I've one thought about this question that the virtual allocator needs a bitmap or something else to keep free virtual pages

I think bitmaps should not used for virtual memory allocator because your virtual memory allocator has to keep a bitmap for all the virtual address spaces which means redundancy and wastage. So in a 32-bit machine total pages = (4*1024*1024*1024) / (4*1024) = 1024*1024 and required bitmap size = 1024*1024*4/32 bytes = 128KB in every address space.
In my kernel, virtual memory allocator is allocating memory in blocks and using linked list to keep a track of free/allocated memory or shared blocks.

[Brendan]

Hi,

Thanks for help, but I've one more question. How does the virtual allocator determine where to map that/those physical page/pages?

For my OSs, the virtual memory manager just does what it's told. For example, a process might ask the virtual memory manager to allocate 123 pages starting at virtual address 0x12345000, so the virtual memory manager allocates 123 pages starting at virtual address 0x12345000. It doesn't know why 123 pages are needed and doesn't know why the virtual address 0x12345000 is being used.

Maybe the executable loader wants 123 pages at virtual address 0x12345000 for the executable file's ".bss", maybe there's some JIT thing that wants 123 pages at virtual address 0x12345000 to store compiled native code, maybe the process' "malloc()" ran out of heap and wants those 123 pages at virtual address 0x12345000. It doesn't matter why; and it's none of the kernel's business why the process wanted it or where the process wanted it.

I've one thought about this question that the virtual allocator needs a bitmap or something else to keep free virtual pages. So there is my theory for the virtual allocator:

If the virtual memory manager just does what it's told; then it can do a lot of things (e.g. allocating and freeing pages, "allocate on demand", transferring pages to/from swap space) using the page tables (that the CPU needs anyway) and nothing else. It's only the messier things (shared memory, memory mapped files and deciding which pages to send to swap space) where you need any additional data structures.

Don't forget that a page table entry that's marked as "present" has a minimum of 3 bits that are available for your use (e.g. enough to keep track of whether the page is a normal page of RAM or something special), and that a page table entry that's marked as "not present" has a minimum of 31 bits that are available for your use (e.g. enough to keep track of whether the page is unused, or part of a memory mapped file or in swap space, plus 29 more bits you can use for "page number in swap space" or "entry number in memory mapped file list" or whatever).


Cheers,

Brendan

[ExeTwezz]

For my OSs, the virtual memory manager just does what it's told. For example, a process might ask the virtual memory manager to allocate 123 pages starting at virtual address 0x12345000, so the virtual memory manager allocates 123 pages starting at virtual address 0x12345000. It doesn't know why 123 pages are needed and doesn't know why the virtual address 0x12345000 is being used.

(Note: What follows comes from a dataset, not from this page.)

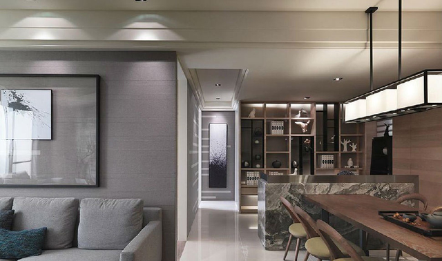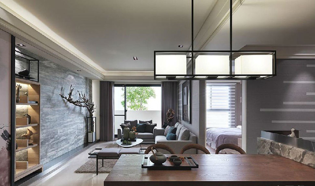 餐厅与书房以半高矮墙为界定,有如泼墨山水画般的大理石,搭配温润的木质餐桌椅,营造出沉稳安定的东方禅风意境。
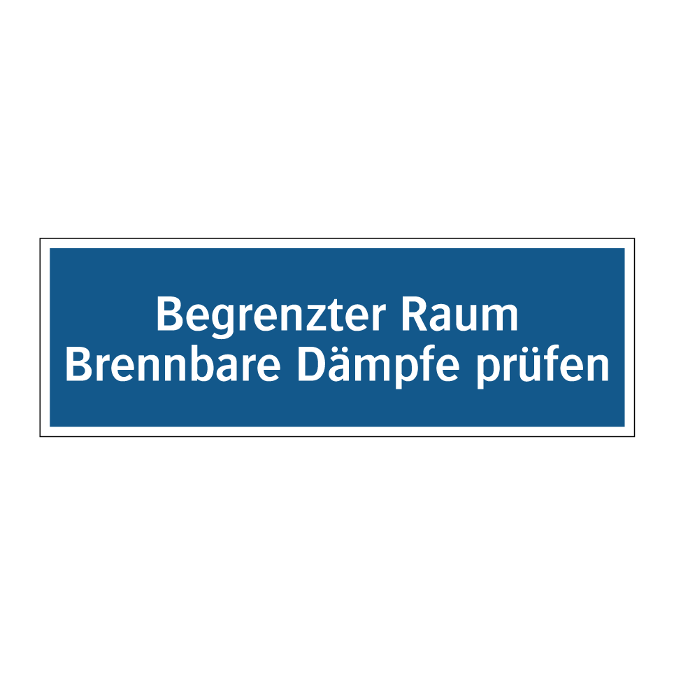 Gebotsschild mit dem Text Begrenzter Raum Brennbare Dämpfe prüfen

Hm.. I've thought that there is no an argument that tells where to start allocating. But what if the page at the given address (e.g. 0x12345000) is already allocated?

Don't forget that a page table entry that's marked as "present" has a minimum of 3 bits that are available for your use (e.g. enough to keep track of whether the page is a normal page of RAM or something special), and that a page table entry that's marked as "not present" has a minimum of 31 bits that are available for your use (e.g. enough to keep track of whether the page is unused, or part of a memory mapped file or in swap space, plus 29 more bits you can use for "page number in swap space" or "entry number in memory mapped file list" or whatever).

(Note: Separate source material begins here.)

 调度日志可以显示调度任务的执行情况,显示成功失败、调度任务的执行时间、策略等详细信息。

OK. Do you mean that I can store the used bit for a page in the certain entry in a page table? Is it faster than a bitmap (I have two bitmaps (C array with elements with the size of 32 bits): the first one for superpages (1024 pages; 32 elements in the array), and the second one for pages itself (32768 elements in the array)).

And I want to ask something. If the physical allocator uses the stack to keep free physical pages, does the virtual allocator need to map these physical pages to the consistent virtual pages starting at the given address (e.g. 0x12345000)?

[Combuster]

For my OSs, the virtual memory manager just does what it's told. For example, a process might ask the virtual memory manager to allocate 123 pages starting at virtual address 0x12345000, so the virtual memory manager allocates 123 pages starting at virtual address 0x12345000. It doesn't know why 123 pages are needed and doesn't know why the virtual address 0x12345000 is being used.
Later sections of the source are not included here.